Things I Learned From Movie X
Legend of the Guardians: The Owls of Ga'hoole
By Edwin Davies
July 1, 2011
When Zack Snyder's Sucker Punch provided us with one of the first bona fide flops of 2011, as well as a rare victory for common sense and decency, it also made everyone wonder just how Snyder, who up until that point had displayed considerable savvy in his choice of projects, could get it so wrong. Most of those people had clearly forgotten, or never known, that signs of Snyder's fall from grace (and possibly sanity) had been provided mere months earlier, when his fourth film, a fantasy film about owls fighting each other, had been released to shrugs of indifference the world over. Yet within the giant owl pellet that is Legend of the Guardians: The Owls of Ga'Hoole, there are nuggets of knowledge that can be extracted for potentially evil purposes. Today, I offer you those nuggets. Don't worry, I've washed them and everything.

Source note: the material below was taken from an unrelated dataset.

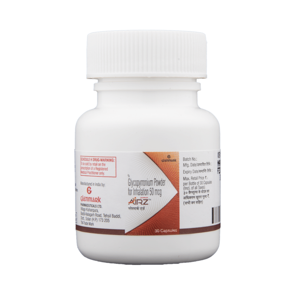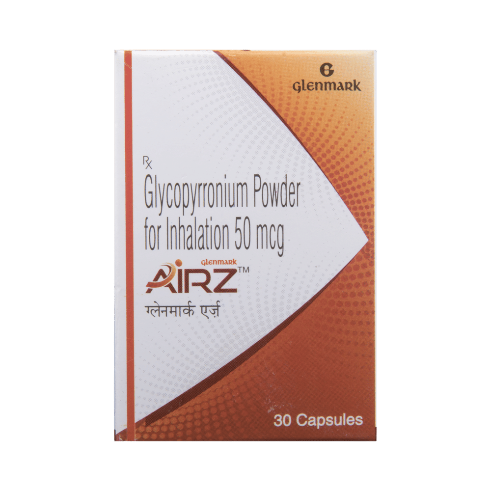 Airz Capsule is used to treat chronic obstructive pulmonary disease (COPD). This medicine helps the muscles around the lungs to stay relaxed and reduces symptoms like coughing, chest tightness, and shortness of breath. Your doctor will tell you how often you need to use Airz Capsule. Take it in the dose and duration instructed by your doctor. The effect of this medicine may be noticeable after a few days but will only reach its maximum after a few weeks. This medicine must be used regularly to be effective, so continue using it even if you do not have any symptoms. If you stop taking it your symptoms of COPD may get worse. It should not be used to relieve sudden breathing problems.The most common side effects are upper respiratory tract infection, inflammation of the throat and nasal passage, breathlessness, and urinary tract infection. If any of these symptoms persist or worsen, talk to your doctor. They may be able to help by adjusting the dosage or by prescribing you an alternate medicine.Do not use this medicine if you have a known history of allergic reactions to any of the ingredients in this product. This medicine may not be suitable for everybody, let your doctor know if you have any preexisting medical conditions. Let your doctor also know about all the medicines you are taking. Pregnant and breastfeeding women should consult their doctors before using this medicine to make sure it is suitable for them.

Success is directly proportional to how hard your title is to remember and spell
Shakespeare would have us believe that a rose by any other name would still smell as sweet. It's a lovely sentiment, but we must remember that Shakespeare wrote plays that delighted audiences and questioned the nature of the human condition. In short, he didn't know shit about selling roses. If he decided to gives roses a new name, one that was incredibly long, broken up with a colon, and with some errant punctuation thrown in for good measure, he'd have died a pauper's death on the streets of Stratford-Upon-Avon, and we would only know his name as part of a tale, passed from generation to generation, of the man who tried to sell people flowers he called Adventures of the Senses: The Bouquet of Ros'es.
Legend of the Guardians: The Owls of Ga'Hoole, or LOTGTOOG, as the brevity-conscious amongst us refer to it, suffers from much the same problem as that Sideways-Universe version of Shakespeare. Despite the success of fantasy films like Lord of the Rings and Harry Potter, most people are pretty adverse to really overt fantasy, and if confronted with a title that long, complete with a word that has an apostrophe right in the middle for no good reason, they'll turn away. I mean, where do you put the emphasis on in a word like Ga'Hoole? The Ga or the Hoole? It's a linguistic nightmare that we can all do without.
It's unfortunate that Snyder was forced to use a title that was linked to the book upon which the film is based, because the actual plot of the film provides a much better one. For those unfamiliar with the film (and I'm willing to bet that's roughly 90% of the people reading this) it is about a group of evil owls that seek to subjugate all the inferior species of owls to their will. A sort of "master race" of owls, if you will. Using that aspect, Snyder could have had a billion-dollar worldwide earner if he had just changed the title to NAZI OWLS! (To always be written in all caps, like INLAND EMPIRE, and with an exclamation mark, like Airplane!, both of which are the key reference points for understanding the film, I feel.)